Segment Start: COLLECTED DATA

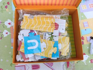Alfabeto in gioco, come nuovo, con all' interno un puzzle per imparare le lettere e un libro delle attività con pregrafismi
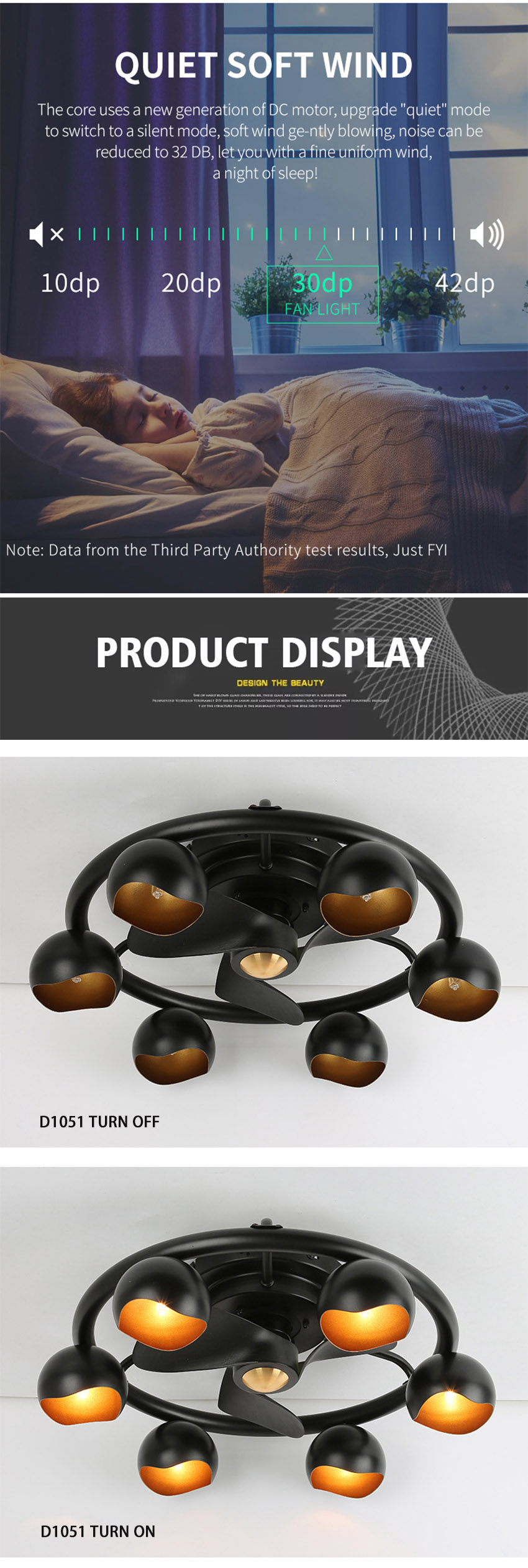 DC Powerful Motor: Built-in DC bearing copper core motor, provides strong and stable wind. Silent operation is lower than 35db. And it's energy saving, 20-30% electricity less consumed than traditional AC ceiling fans.
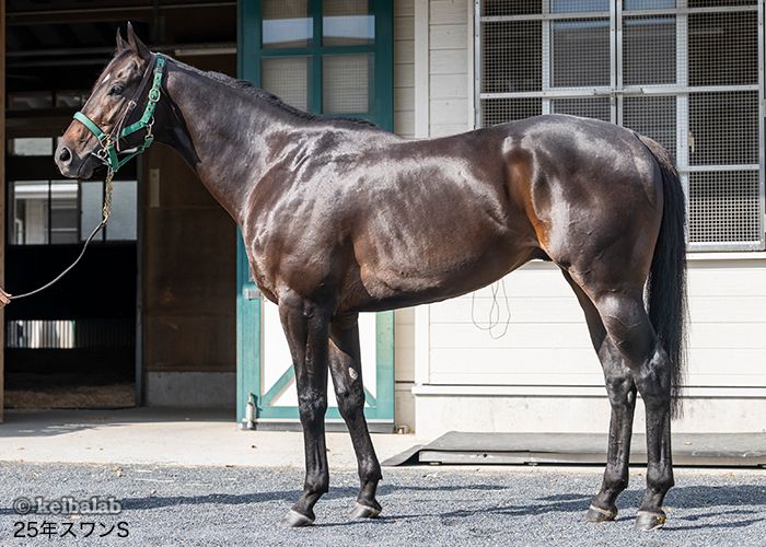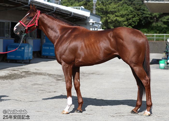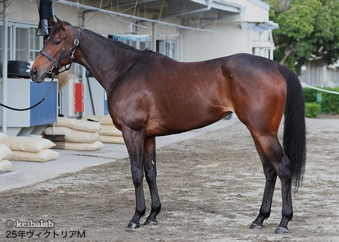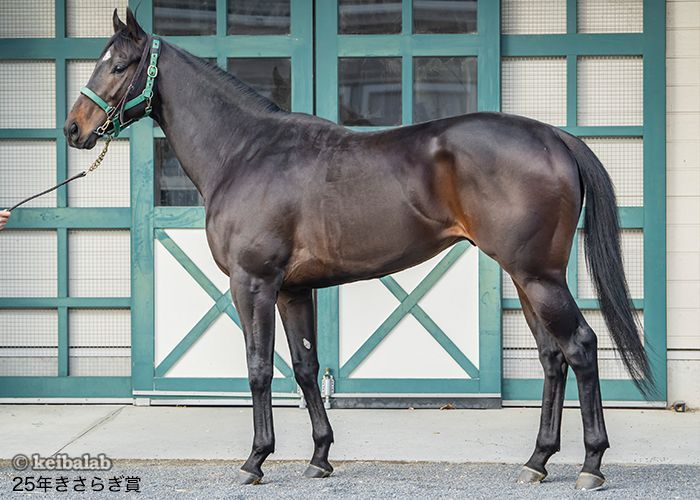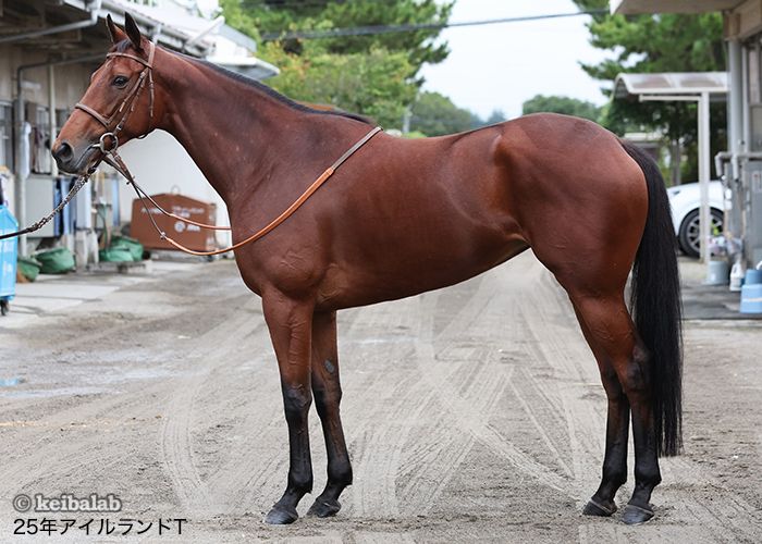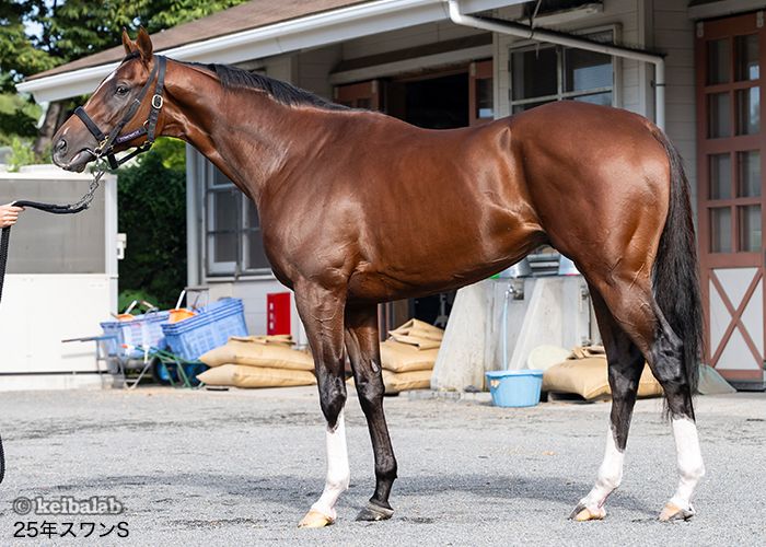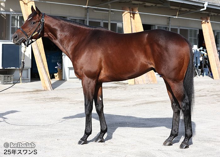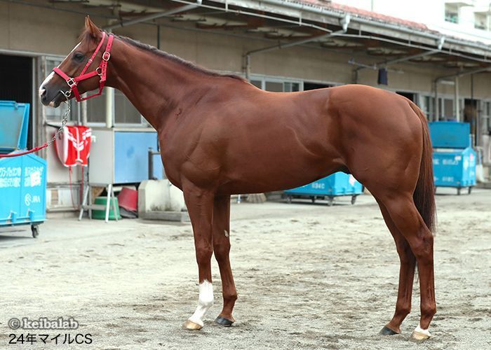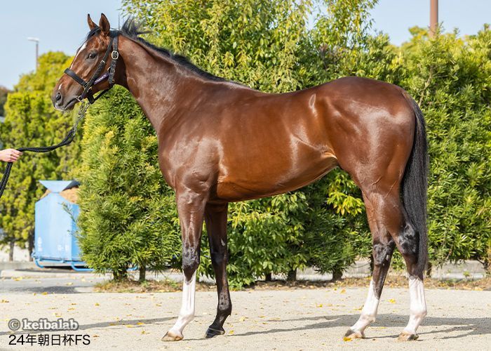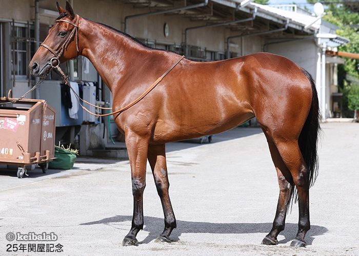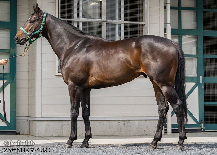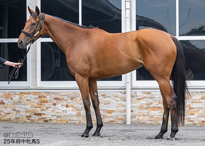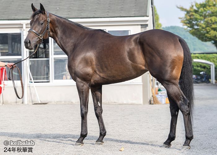 長躯短背でバランスのいい骨格。四肢をスラっと長く見せ、クビさしも比較的シャープ。付くべきところにしっかりと筋肉が付いているため、華奢には映らないが、本質的には中距離向きのフォルムに映る。1600mから1ハロンの距離延長は好材料。曲飛でピッチが速く立ち回りが上手なタイプ。反応の良さを活かせれば。休み明けでも腹周りはスッキリと見せて太め感なし。毛艶も良好で、力を出せるいい状態に仕上がっている。

Segment End: COLLECTED DATA

## EXERCISE GOAL
Would you give the material back exactly, minus the pictures?

## WRITTEN RESPONSE
Alfabeto in gioco, come nuovo, con all' interno un puzzle per imparare le lettere e un libro delle attività con pregrafismi
 DC Powerful Motor: Built-in DC bearing copper core motor, provides strong and stable wind. Silent operation is lower than 35db. And it's energy saving, 20-30% electricity less consumed than traditional AC ceiling fans.
 長躯短背でバランスのいい骨格。四肢をスラっと長く見せ、クビさしも比較的シャープ。付くべきところにしっかりと筋肉が付いているため、華奢には映らないが、本質的には中距離向きのフォルムに映る。1600mから1ハロンの距離延長は好材料。曲飛でピッチが速く立ち回りが上手なタイプ。反応の良さを活かせれば。休み明けでも腹周りはスッキリと見せて太め感なし。毛艶も良好で、力を出せるいい状態に仕上がっている。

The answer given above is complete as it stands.